What is needed: All of the data must be written out verbatim, with pictures excluded.

Input data:
____

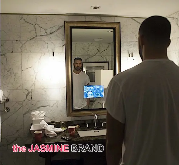 Drake watches last night’s college football game in his bathroom.
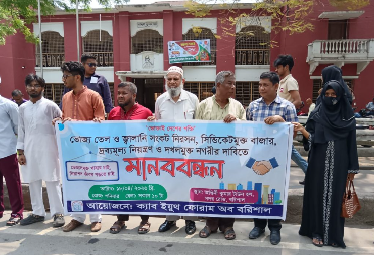 জ্বালানি সংকট নিরসনে বরিশালে মানববন্ধন
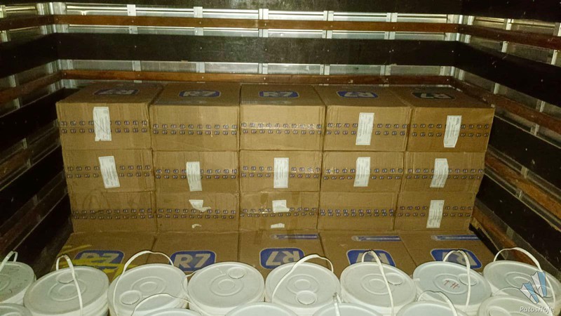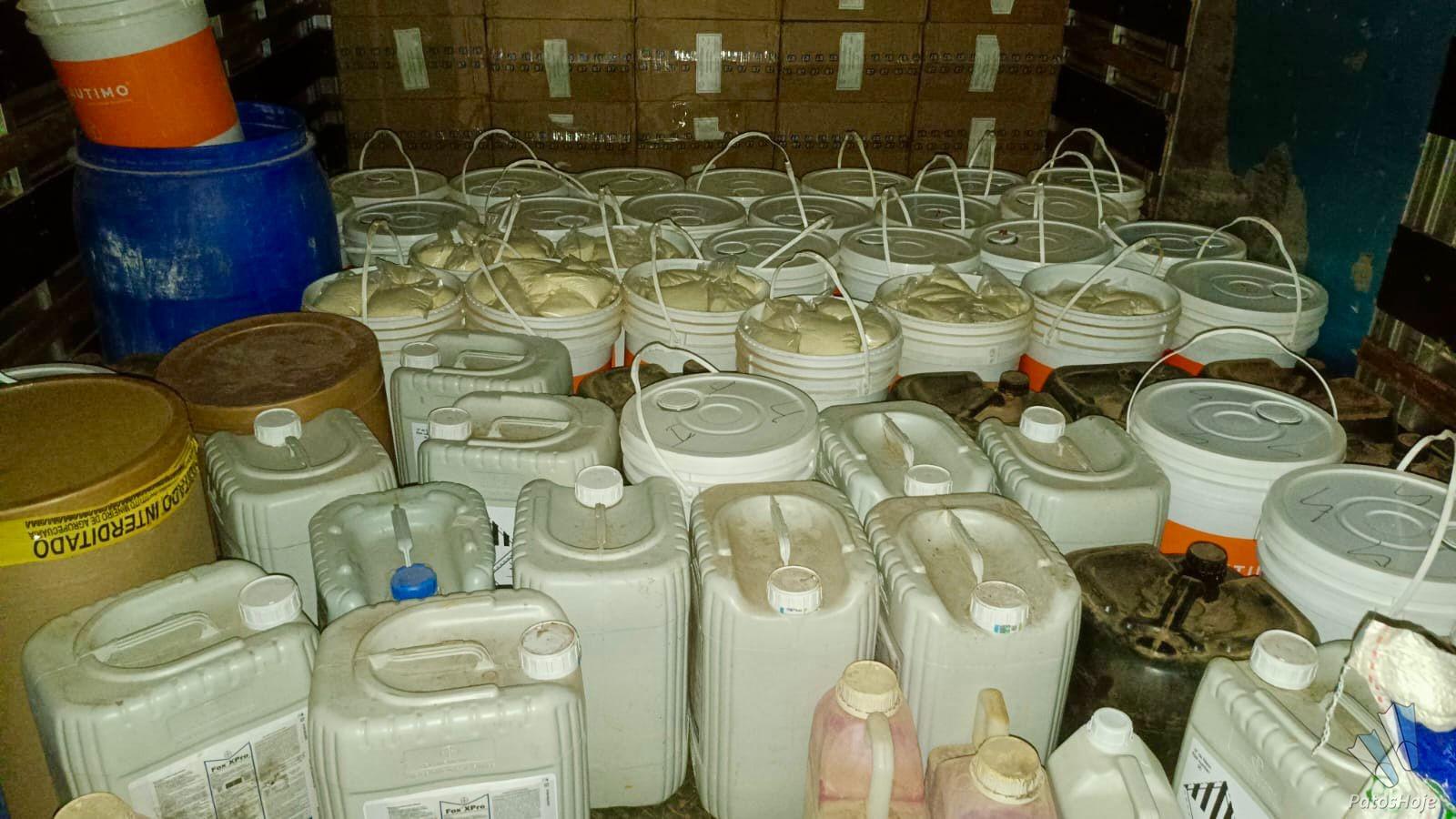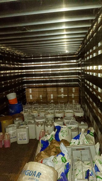 De posse das informações, as equipes policiais deslocaram-se até o endereço indicado e constataram que o portão de uma residência ainda em construção encontrava-se aberto. Do lado de dentro, os militares flagraram dois indivíduos, de 16 e 43 anos, utilizando equipamentos de proteção individual enquanto manipulavam, pesavam e selavam produtos agropecuários, em uma estrutura improvisada semelhante a um laboratório. No local, havia diversas embalagens espalhadas e maquinário utilizado para o fracionamento e acondicionamento do material.

____

Output below:
 Drake watches last night’s college football game in his bathroom.
 জ্বালানি সংকট নিরসনে বরিশালে মানববন্ধন
 De posse das informações, as equipes policiais deslocaram-se até o endereço indicado e constataram que o portão de uma residência ainda em construção encontrava-se aberto. Do lado de dentro, os militares flagraram dois indivíduos, de 16 e 43 anos, utilizando equipamentos de proteção individual enquanto manipulavam, pesavam e selavam produtos agropecuários, em uma estrutura improvisada semelhante a um laboratório. No local, havia diversas embalagens espalhadas e maquinário utilizado para o fracionamento e acondicionamento do material.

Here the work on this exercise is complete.